Hypericum iwatelittorale (Nomenclature)
Perennial herb 0.25-0.32 m tall, erect, with stems solitary or few and caespitose, branched above. Stems 2-lined, with black punctiform glands on lines; internodes exceeding to equalling leaves. Leaves sessile (main stem) to c. 0.5 mm petiolate (laterals); lamina (8-)12-14 ´ 5-8 mm, ovate to elliptic-oblong (main stem) or elliptic to oblanceolate (laterals), paler beneath, chartaceous; apex rounded to rounded-obtuse, margin entire, base cuneate to rounded-amplexicaul (upper); venation: 3-(4-) pairs of laterals from lower quarter to fifth of midrib; laminar glands pale, punctiform, dense; intramarginal glands all black or some reddish, dense to spaced. Inflorescence (1)3-c.30-flowered from up to 3 nodes, with flowering branches from up to 4 nodes below, corymbiform to cylindric and then dense; pedicels 0.8-1 mm; bracts small, lanceolate, entire. Flowers 9-10 mm in diam., stellate?; buds ellipsoid, subacute. Sepals 5, subequal, 3-4 ´1-2 mm, ovate-oblong to lanceolate, acute to subacuminate, entire; veins 5, outer pair(s) branched; laminar glands pale, linear-striiform to punctiform; intramarginal glands black, few or absent. Petals 5, bright yellow, not tinged red in bud, 6-9 ´ c. 2-3 mm, obovate-oblong, distally subcrenate; laminar glands pale, linear to punctiform, and sometimes 1-2 black distal, striiform-punctiform; marginal glands black, very few or absent.
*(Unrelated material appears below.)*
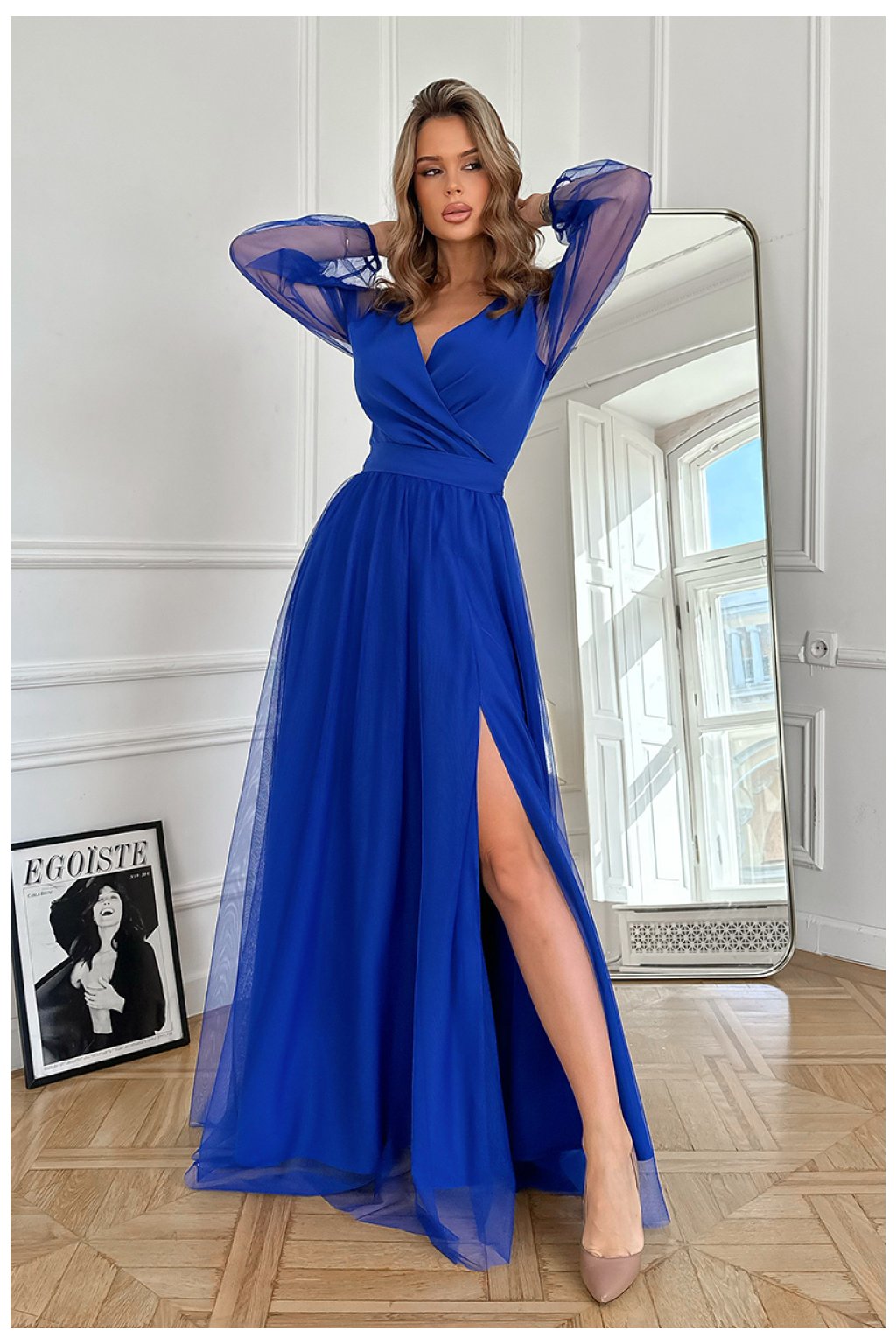 Krásné dlouhé šaty, neuvěřitelně elegantní, ušité z lehké látky. Horní část s jemným výstřihem, spodní část dvouvrstvá s prořezem na noze, dodávající kreaci půvabu. Šaty se zapínají na skrytý zip. K šatům je přiložen pás. K dispozici v módních barvách.Složení:

Stamens c. 50?, '3'-fascicled, longest c. 7 mm, c. 0.8 ´ petals; anther gland black. Ovary 3-locular; styles 3, free, 3.5-4 mm, ? ´ ovary, spreading-outcurved; stigmas narrow. Capsule 5-8 ´ 4-5 mm, c. 2 ´ sepals, ovoid-conic to ovoid; valves longitudinally vittate. Seeds dark brown, 1.2 mm long, cylindric; testa linear-foveolate.
Coastal
Japan (Honshû - Iwate).
H. iwatelittorale was included doubtfully by Kimura (1951) in H. pseudopetiolatum (subsect. 2. Erectum), but the gland-dotted raised stem lines reveal that its true position is in subsect. 1. Hypericum. It is morphologically very close to H. tosaense but considerably distanced geographically. Taken together, the small morphological differences (see key, p. ) and the wide spatial separation warrant its recognition as a species.